Snohomish County announces $6.5 million for youth mental health

The new plan includes $3.2 million to support vulnerable youth and $1.5 million for after school care.

Snohomish County Executive Dave Somers (Snohomish County)

Snohomish County Executive Dave Somers (Snohomish County)

EVERETT — After the pandemic struck a blow to young people’s mental health, Snohomish County is investing in building it up again.

On Wednesday, Snohomish County Executive Dave Somers announced $6.5 million in new funding for youth mental health and laid out a broad spending plan.

The new plan splits the investment into five categories based on recommendations from the county’s Office of Recovery and Resilience.

The largest portion, $3.2 million, will aim to support vulnerable youth. That means both contributing to existing mental health services and investing in “alternative strategies to provide mental health and wellness,” given a lack of certified or licensed mental health professionals, according to the county.
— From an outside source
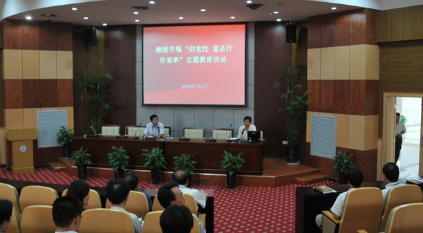 吴嘉敏副书记的动员报告结合文件内容和要求,布置了我校继续开展“讲党性、重品行、做表率”主题教育活动的任务,在开展“主题党课、警示、革命传统和先进典型示范”四项教育活动中,安排开展校、院两个层面的教育活动。尤其在“忠诚、敬业、道德、廉洁”的专题教育活动中既要帮助党员干部切实提高对开展主题教育活动重要性的认识,又要注重总结和宣传身边的优秀党员干部和优秀教师,各学院党委和机关党委在本单位宣传的基础上向学校推荐1-2名,学校评选后集中宣传。吴书记对整个活动提出三点要求,一是要把主题教育活动与学习实践科学发展观活动结合起来。二是主题教育活动要以推动学校科学发展和解决突出问题为重点。三是要把主题教育活动作为党建工作来抓,做到扎实有效。 与会同志观看了市纪委制作的教育片《唱支山歌给党听》,学习和领悟了上海市优秀共产党员朱践耳的优秀事迹。警示教育片《贪欲之害(三)蛀虫》揭示了原上海华谊集团副总裁范宪走上贪腐之路的犯罪经历和思想演变过程,这部警示教育的生动教材给观看者留下不少教育和启示。

Another $1.5 million will go to after-school care through partnerships with the YMCA and Boys & Girls Club.

The money builds on a previous $2.9 million investment in tuition subsidies and behavioral health support at those organizations last year. Together, the two groups make up about 80 percent of the county’s after school care, the spending plan estimates.
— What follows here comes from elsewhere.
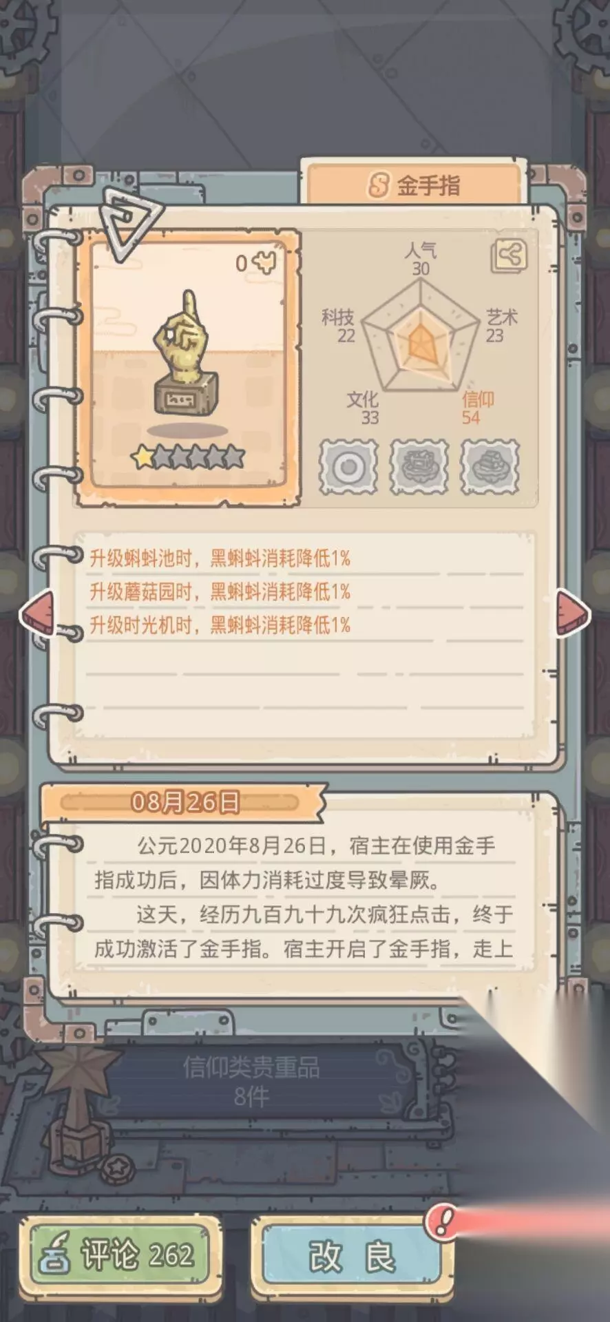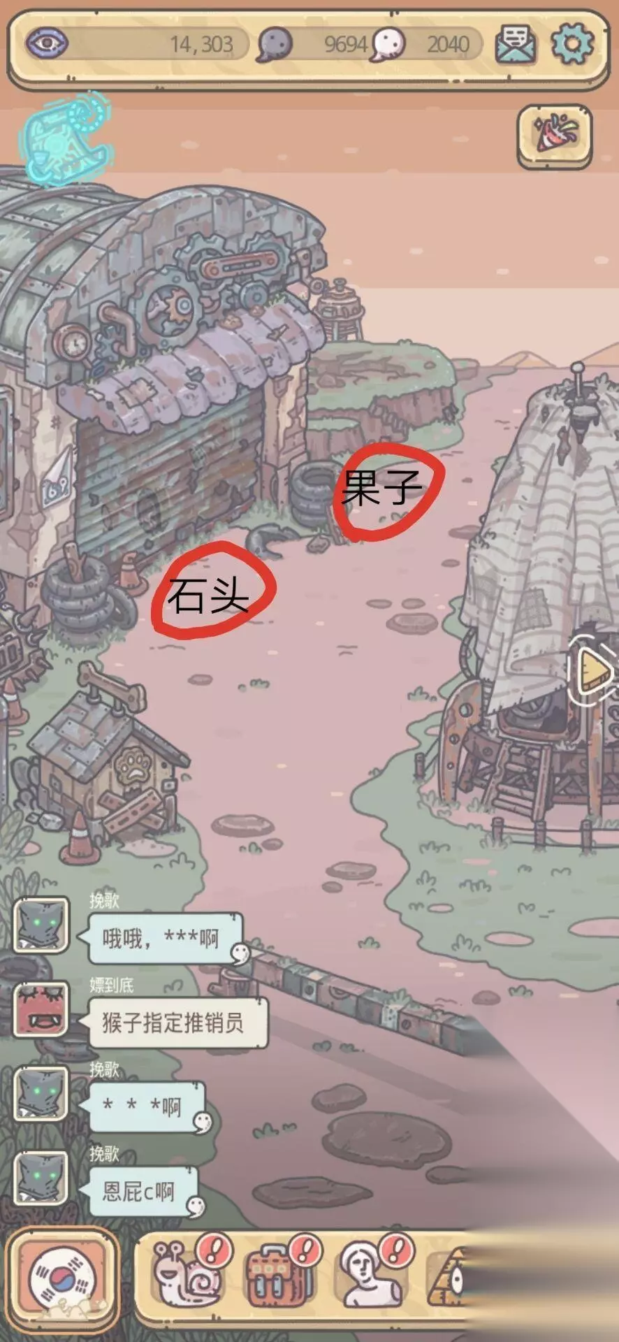 最强蜗牛金手指怎么获得?这是游戏里的一个彩蛋物品,想要拿到它还是得下一番功夫的,看完小编给大家带来的这篇最强蜗牛金手指获取攻略,希望各位看完都能得到帮助。 最强蜗牛金手指怎么获得 首先在最左边大铁门的前面会有一个石头,玩家需要将这个石头手动点击1000次,即可获得一个橙色贵重品-《金手指》(1000次没有连点器的我差点把手指嗯抽筋了)并且在地图上方地上经常会有一个果子,点击后就会获得食物,食物可用于探索补给

Youth homelessness is another target. The Onward Learning program, which supports students transitioning from high school to higher education with housing and other needs, will receive $1.2 million from the county.

The program is a partnership between youth homelessness nonprofit Cocoon House, Everett Community College, Edmonds College, Housing Hope and Everett Public Schools.

A smaller pot, $500,000, is dedicated to youth career exploration. That could mean internships, job shadowing, career fairs and workshops.

“We’re trying to help youth see a path forward, see a bright future for them,” said Chrissie Grover-Roybal, deputy director of the Office of Recovery and Resilience. “And part of that is imagining what you’re going to be doing as a career … So they’ve got something that they’re moving forward to.”

The final $100,000 will be used to create a “sensory calming room” for children who, for whatever reason, need to appear in court.

The room will be part of the Office of the Court Appointed Special Advocate, which advocates for children in custody cases.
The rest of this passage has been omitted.